Problem: Retype, word for word, every line from the one holding "EARRINGS WITH AMETHYST" through the one holding "But money almost" in the entries below, both included, and only those lines.
BEGIN Information
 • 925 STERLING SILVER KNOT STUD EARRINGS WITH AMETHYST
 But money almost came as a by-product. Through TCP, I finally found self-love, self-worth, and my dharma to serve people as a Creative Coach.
END Information
BEGIN Information
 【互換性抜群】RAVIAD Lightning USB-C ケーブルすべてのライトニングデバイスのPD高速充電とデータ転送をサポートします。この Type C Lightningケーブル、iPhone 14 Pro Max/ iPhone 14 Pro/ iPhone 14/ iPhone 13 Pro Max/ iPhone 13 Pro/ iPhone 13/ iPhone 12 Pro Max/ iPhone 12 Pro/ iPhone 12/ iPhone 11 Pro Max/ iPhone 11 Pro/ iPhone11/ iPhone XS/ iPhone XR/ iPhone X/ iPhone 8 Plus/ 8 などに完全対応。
END Information
Output for this task:
 • 925 STERLING SILVER KNOT STUD EARRINGS WITH AMETHYST
 But money almost came as a by-product. Through TCP, I finally found self-love, self-worth, and my dharma to serve people as a Creative Coach.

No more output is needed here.